Will you come and gather round me near and listen to Voices born on the air through time and my poor memory?
Fortune held fast and breathed the fire warmer, under skin, under glarings, simmering long until the chill cracked the vessel wide...
The night he came to blows with Sid, long after drinking, long after listening, long after the tangle of their sneerings each to the other, the heat of battle rose its head and neither man nor woman fled its drawing...sucking in and turning angry words to Fight! And fighting, brief, blood flowed against the bone before the night was over!
(The bard's hands few unfettered through the cacophany of strings, dischorded)
And who was there for witness of the fanning flame, but Lucien himself, Mallorek the Barrister, wounded and weary, his healing painful and slow.
He did not know...
He threw himself in and in between to put a stop to madness.

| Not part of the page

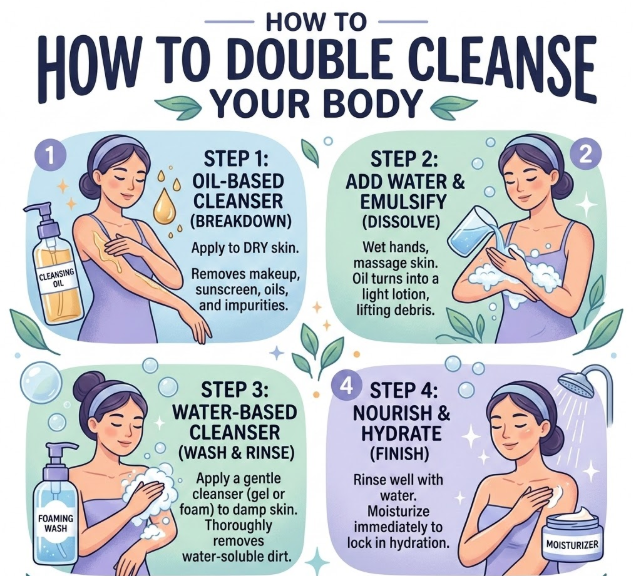 Body skin also benefits from layered cleansing, especially after sunscreen or workouts.

Guthorm smashed his war-hard fist, a glancing blow to bruise Sid's jaw, undeniable for all to see, for Bloods to find Insult and Harm...oh let them come! He bid them come with that bruising blow!
And Mallorek launched on dizzy feet and did his best in a tangle of limbs, but Sid did not fall or run. Mark for mark was called for. Vengeance brings ever more the same in so many hearts and never mind that Lucien, in the middle, wrestling, wrestling, was cast back in force, too close, a victim caught in anger.
Sidelong the Norskmann saw misfortune but neither could stop then, the aiming of the stool...neither man nor woman for any sake, and she wielded the weapon well. Wood met bone in a muffled crack, splinters flew, and nearly healed, a broken rib broke anew.... And it was enough. Proof of fire grown between them, the bruising of dark blood between them. And each to use, as they would and as they must, to fan the flames yet higher.
Let them come....let them come, for surely this would draw attention...
And so he left them, Sid and Lucien, to give their comforts each unto the other.
But the traitor could not stay. Guthorm took his victory with him, hope wrapped about him like a winter's cold cloak.